<<<<

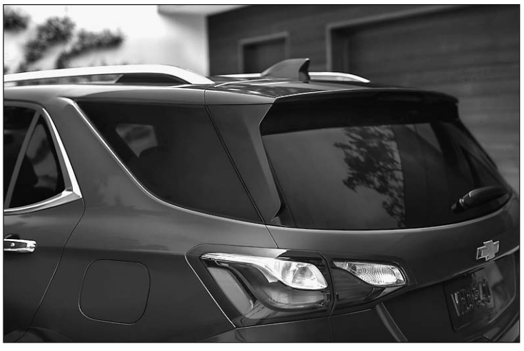
Equinox's horizontal taillamps 'emphasize wide stance' - GM's Batey

"And it looks great doing it." Additional vehicle highlights include being about 400 pounds lighter than the current model a 10 percent weight reduction, Kuhnen said.
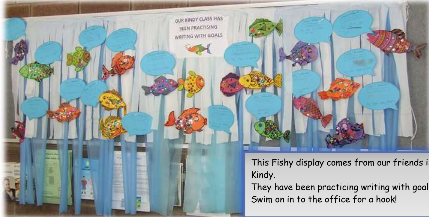
This Fishy display comes from our friends in Kindy. They have been practicing writing with goals. Swim on in to the office for a hook!
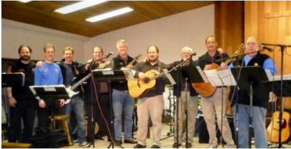
At Church of the Nazarene 2008
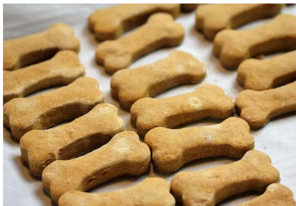
Figure 17. Dog treats on pan.

Pet food/treats can be sold in individual packages or sold in bulk (self-service style) at the farmers market. If the product requires refrigeration, make sure the product is stored in a cooler at 41°F or below and instruct customers to store at those temperatures following the purchase as well. For non-refrigerated products, store in dry containers that you can keep at room temperature.
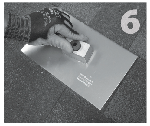
Slide the flashing into position. Insert the rubber plug into the QBlock cavity.
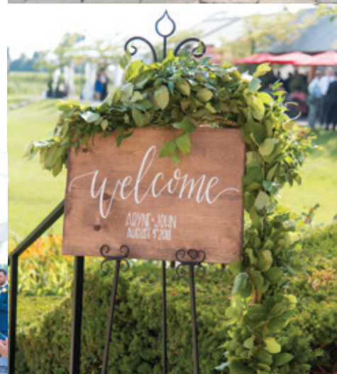
Programs were designed by PAPER & POSTE and the welcome sign was provided by KRIEGER CUSTOMS.
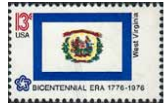
West Virginia State Flag. (Scott 1667)
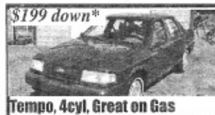
Tempo, 4cyl, Great on Gas
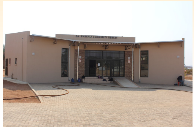
Completed project: Phaahla Library in Sekhukhune

nership with Limpopo Department of Sports, Arts and Culture as the end user of the infrastructure after completion.
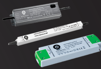
Furniture LED drivers
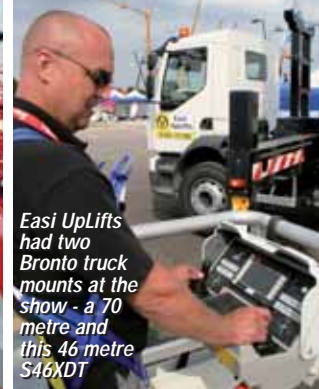
Easi UpLifts had two Bronto truck mounts at the show - a 70 metre and this 46 metre S46XDT
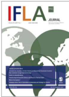
IFLA Journal, vol. 39, no. 1

This number includes news on recent IFLA activities and selected articles reflecting the diversity of the international information profession, including freedom of information, conservation, sight-impaired services and intellectual property.

>>>>

In the answer, set down only the lines from the opening line of the listing through the line that holds "IFLA Journal, vol. 39, no. 1", exactly as they appear, minus the pictures.

• Completed task
Equinox's horizontal taillamps 'emphasize wide stance' - GM's Batey

"And it looks great doing it." Additional vehicle highlights include being about 400 pounds lighter than the current model a 10 percent weight reduction, Kuhnen said.
This Fishy display comes from our friends in Kindy. They have been practicing writing with goals. Swim on in to the office for a hook!
At Church of the Nazarene 2008
Figure 17. Dog treats on pan.

Pet food/treats can be sold in individual packages or sold in bulk (self-service style) at the farmers market. If the product requires refrigeration, make sure the product is stored in a cooler at 41°F or below and instruct customers to store at those temperatures following the purchase as well. For non-refrigerated products, store in dry containers that you can keep at room temperature.
Slide the flashing into position. Insert the rubber plug into the QBlock cavity.
Programs were designed by PAPER & POSTE and the welcome sign was provided by KRIEGER CUSTOMS.
West Virginia State Flag. (Scott 1667)
Tempo, 4cyl, Great on Gas
Completed project: Phaahla Library in Sekhukhune

nership with Limpopo Department of Sports, Arts and Culture as the end user of the infrastructure after completion.
Furniture LED drivers
Easi UpLifts had two Bronto truck mounts at the show - a 70 metre and this 46 metre S46XDT
IFLA Journal, vol. 39, no. 1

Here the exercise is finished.